One of the reasons that Francis Bacon’s painting Study After Velázquez’s Portrait of Pope Innocent X (1953) is so unforgettable, with its Pope appearing to scream through a curtain of paint, is the way that it rewrites the history of European portraiture of kings, queens, popes and merchants. They are typically seated amidst finery, underlings, and sometimes dragons, all symbolising their power and influence. It is no coincidence that Bacon’s version of one of these classical portraits reworks a Diego Velázquez, the most modern of Early Modern artists in Europe, and yet it is only possible to see Velázquez’s modernism after seeing Bacon’s Study. The modernism of Portrait of Innocent X (c1650) lies in Velázquez’s use of paint. Modulating the difference between the eye being close and distant, a stroke of white paint turns into the hem of the Pope’s dress in a magical, illusionistic transformation that anticipates the kinds of conceptual parlour tricks of his more famous Las Meninas (1656) a few years later.

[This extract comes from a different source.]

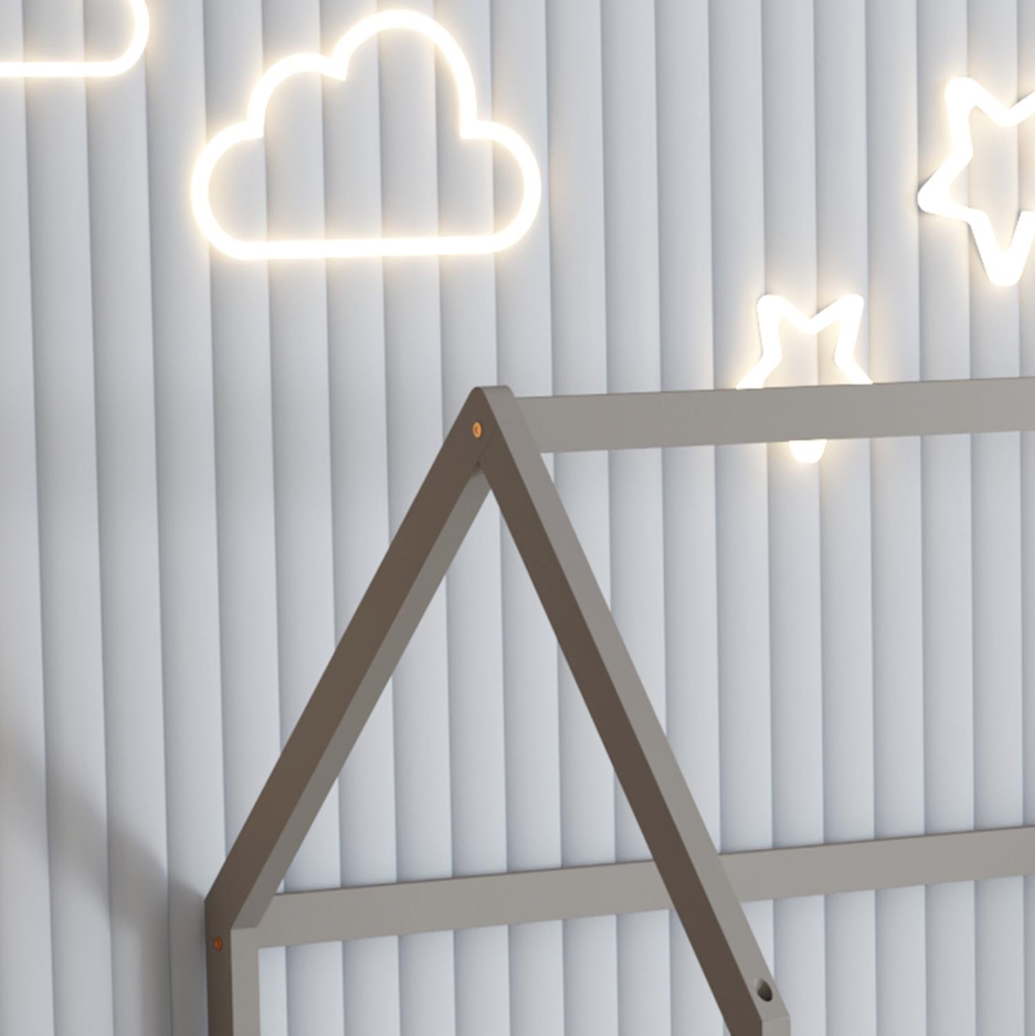 Το παιδικό κρεβάτι PHYLLIS τύπου Montessori σε διάσταση για στρώμα 90x190εκ, είναι κατασκευασμένο από ξύλο πεύκου σε ΓΚΡΙ χρώμα. Όλο το κρεβάτι έχει σχήμα σπιτιού με εξαιρετικά χαμηλά πόδια και περιμετρικά κάγκελα, ενώ το στρώμα τοποθετείται σε τάβλες από κόντρα-πλακέ ξυλεία.
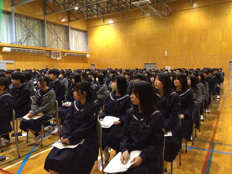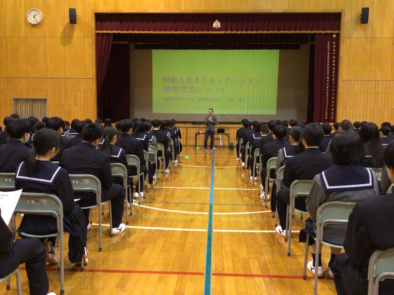 4月9日の5校時、新入生オリエンテーションの一環として、全学科の生徒を対象とした国際交流プログラムの説明会を体育館で行いました。

The tricks of turning a surface into a resolved image, technique into illusion, are part of the fun of Desmond Mah’s show at Mossenson Galleries. He layers thin, spaghetti-like tubes of colour atop each other to create a kind of relief painting, in a unique technique that he has perfected in this exhibition. His subjects are postcolonial, and include British diplomats and soldiers, Captain Cook and Queen Elizabeth II, as well as Stamford Raffles, the founder of Singapore. Through Mah’s tangle of paint it is impossible for the mind not to attempt to recover the portraits that served as his models, the images that have made Cook and Elizabeth such familiar figures, and yet whose appearances are known only through historical picture making. As we see through Bacon to Velázquez, and through Velázquez to centuries of the Church’s regime of arcane rituals and gauche symbology, in Mah’s exhibition we see through colonial iconicity to the troubled history of the British Empire. Mah’s tangle of paint becomes a metaphor for the complexity of the historical figure.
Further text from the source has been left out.